Here’s a look at the five rule changes for next season:

1. Extend the uprights to make them five feet taller.


-Bowen’s Analysis: This seemed very logical as it will only increase the officials ability to tell if field goals are made or not. Too many times field goals cross near the top of the upright with a bit of uncertainty in whether or not they were successful.

2. Protect players from getting the sides of their legs rolled up on — the rule already says a blocker can’t hit an opponent in the back of the legs, this proposal will add “or side” to the rule.

-Bowen’s Analysis: A safety issue type of rule that is just another step in trying to prevent serious injuries. We see so many offensive linemen get rolled up on (Anthony Castonzo last preseason) and suffer significant injuries.

3. Allow the referee to consult with members of the NFL officiating department during replay reviews. The referee would be able to speak with the command center in New York to help in reviewing a play.

-Bowen’s Analysis: Colts fans are rejoicing with the passing of this rule. This makes a ton of sense and should allow for the correct rulings to be agreed upon with a central party that is not dealing with the typical on-field chaos of a NFL game.

4. Re-organize the rules about what can be reviewed and what cannot be reviewed, including making the recovery of a loose ball in the field of play reviewable. (This is referred to as the NaVorro Bowman rule, after a controversial call in the NFC Championship Game.)

-Bowen’s Analysis: Once the Bowman play happened, Twitter was in an uproar about not being able to review it.
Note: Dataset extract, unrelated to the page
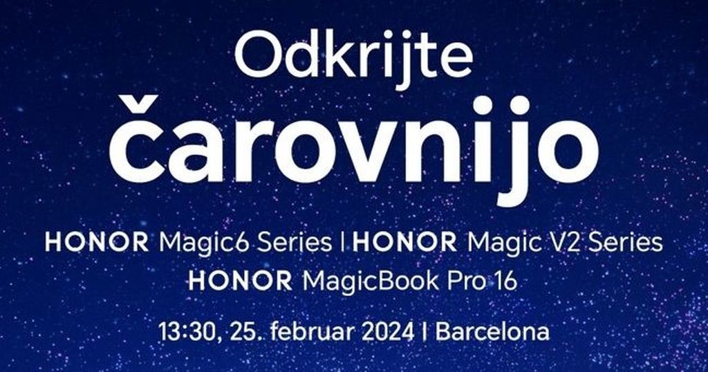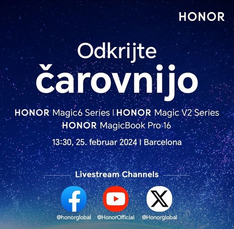 [Ljubljana, 23. februar 2024] To nedeljo, 25. februarja, s pričetkom ob 13.30 uri, bo globalna tehnološka znamka HONOR na sejmu MWC Barcelona predstavila nove pametne telefone. Na samem dogodku bo HONOR predstavil nove izdelke z vrsto inovacij z umetno inteligenco. Vsi zainteresirani lahko dogodek spremljate preko livestreama, ki bo na voljo na pristajalnih straneh in družbenih omrežjih spodaj, v trenutku začetka dogodka pa na tej odprti povezavi: https://www.hihonor.com/si/events/honor-mwc/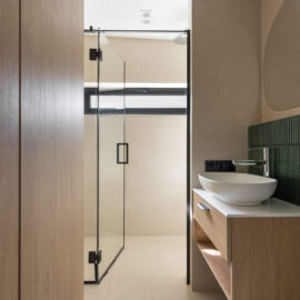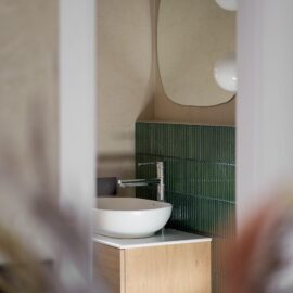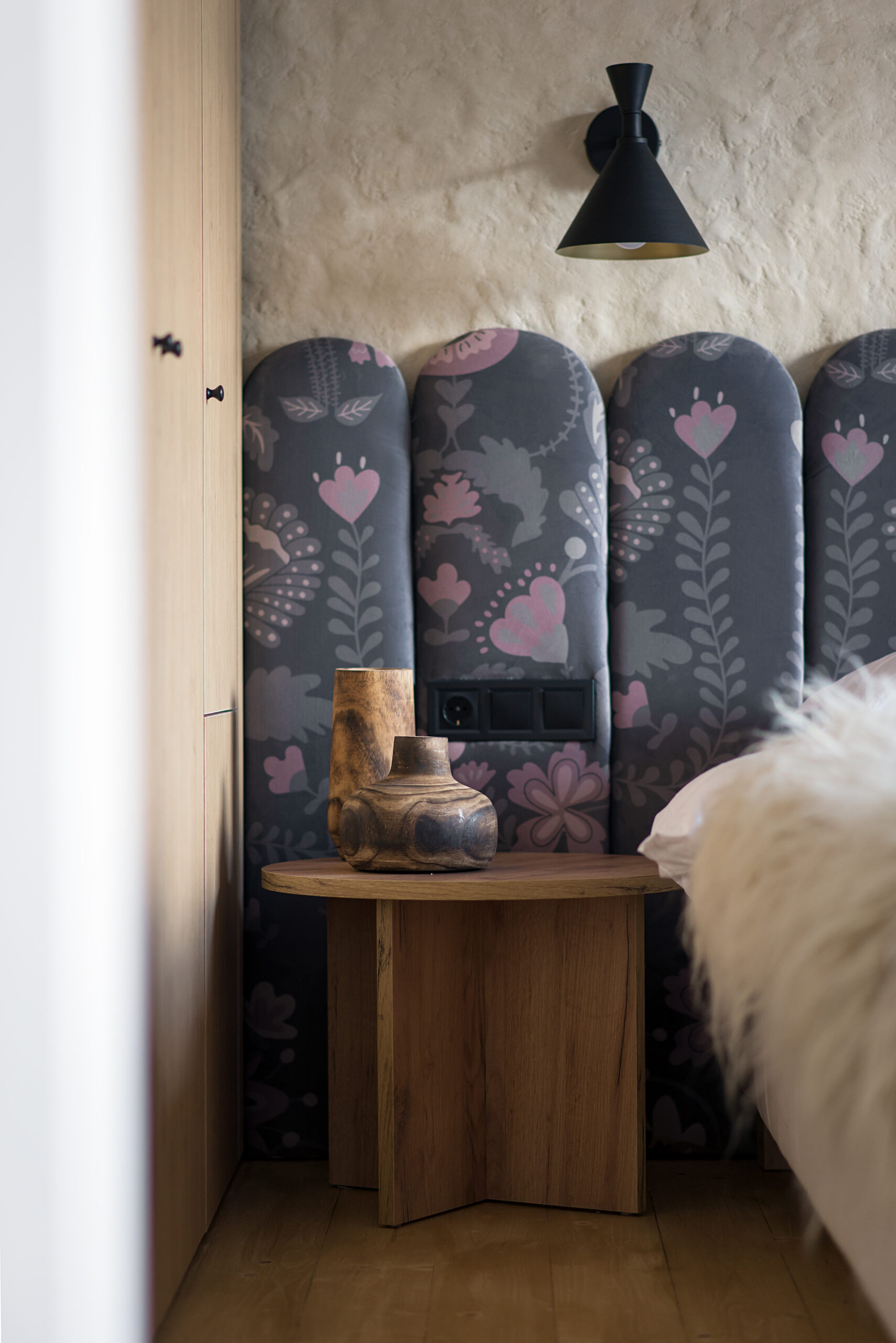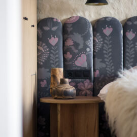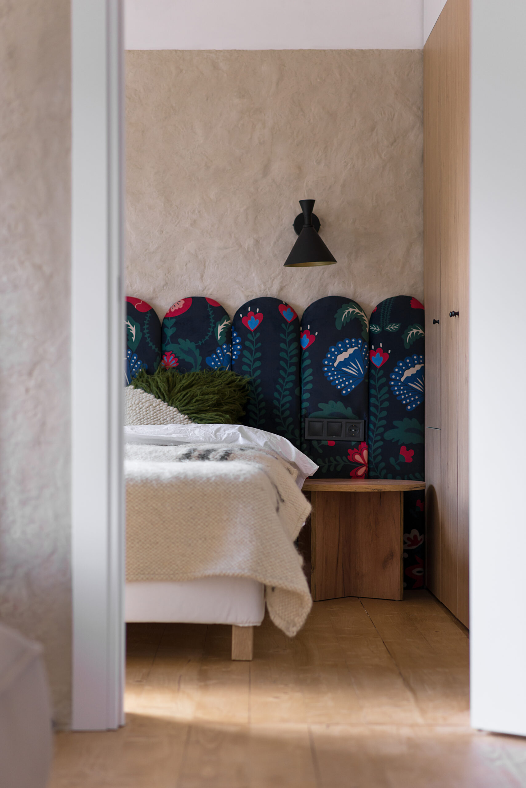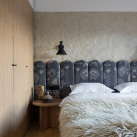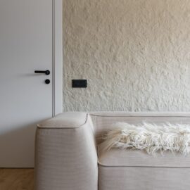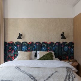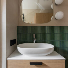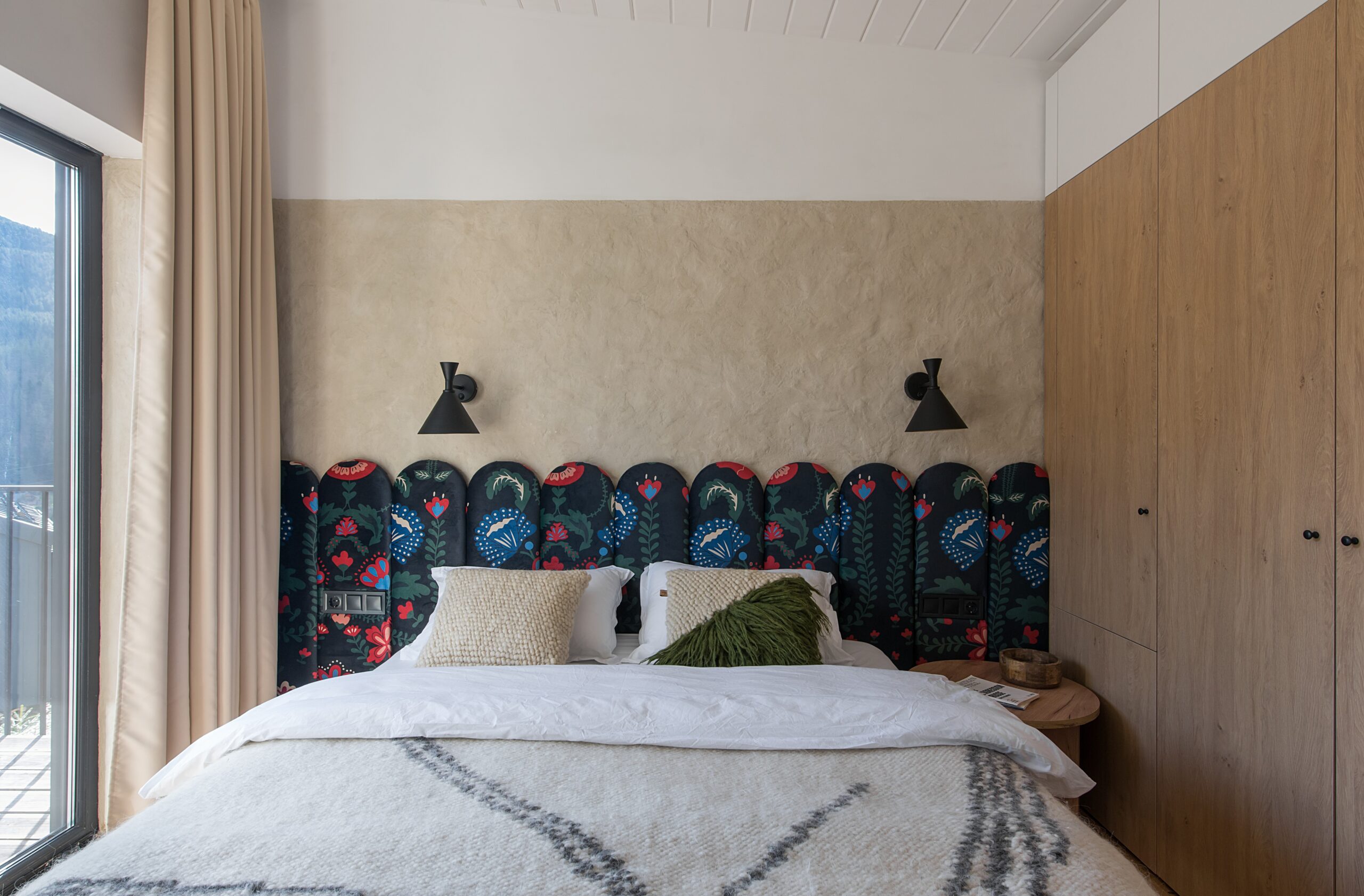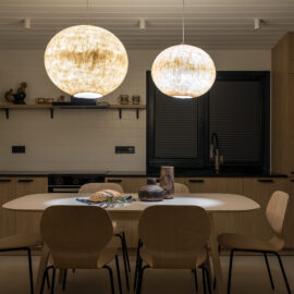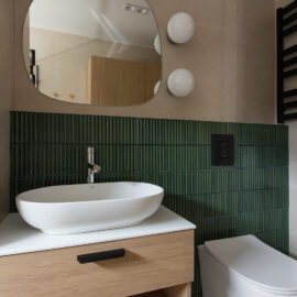 Спальня забезпечує відпочинок і відновлення завдяки використанню дизайнерських узголів’їв та декору від українських брендів, як-от подушки GUSHKA та килим Basny Rugs. Вбиральня з сучасними деталями та природним освітленням завершує гармонійний образ будинку, що відображає єдність з природою та українською культурою.

Such a massive turnover could dictate the outcome of any game so correcting this rule was needed.

5. Don’t stop the clock on a sack and enforce defensive fouls behind the line of scrimmage from the previous spot, rather than from the end of the run or from the spot of the foul.

-Bowen’s Analysis: The first part of this keeps the game moving and penalizes an offense for taking such a big loss.

Also, the league will experiment with moving the extra point back to the 20-yard line during the first two weeks of the preseason.